There may be VSTis that don't work internally within the restrictions of MIDI (I don't use enough software synths to know), but if the MIDI controller they are operated by can only send 128 fixed values that is all the synth is going to receive no matter whether the MIDI is recorded and the track then bounced/frozen or the synth's output is recorded during the performance as audio. The result will be the same.



Unless you're dealing with a synth that accepts OSC(Open Sound Control) http://opensoundcontrol.o...tion-osc messages via non-traditional user interfaces.  MIDI isn't the only game in town.  Sonar can't record OSC messages (neither can most daws).  
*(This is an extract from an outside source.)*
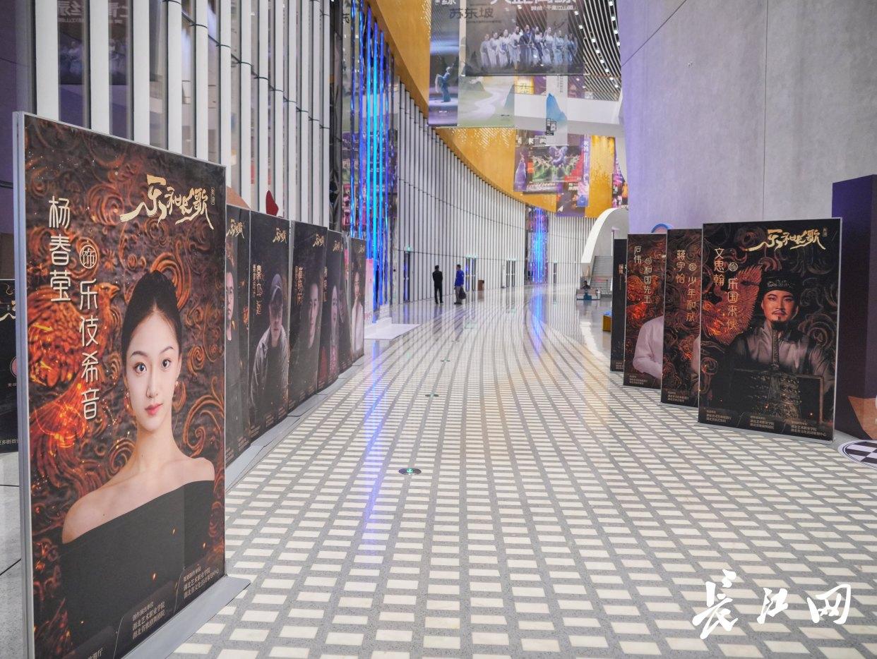 苏州湾大剧院入场大厅内摆满《乐和长歌》海报。记者王海 摄

And good luck recording any midi from a synth that has randomization functions - here's a pretty extreme example using Dimension pro and its built-in randomizers.   http://youtu.be/umWuQfwMnKk
Honestly, though, no skin off my nose because I have 3 other daws I can do this in, it would just be nice to have Sonar do it so I can get closer to a 100% complete solution.
This functionality is ideal for live resampling into other synths and tools.  Something I don't do a lot. but enough to justify shelling out 500 bucks for alternatives.   
 
 


Okay, now you've whetted my appetite! What DAW(s) are you using that can do this??
2015/02/18 23:15:41
swamptooth
Cubase reason ableton and (occasionally) reaper though i hate its ui.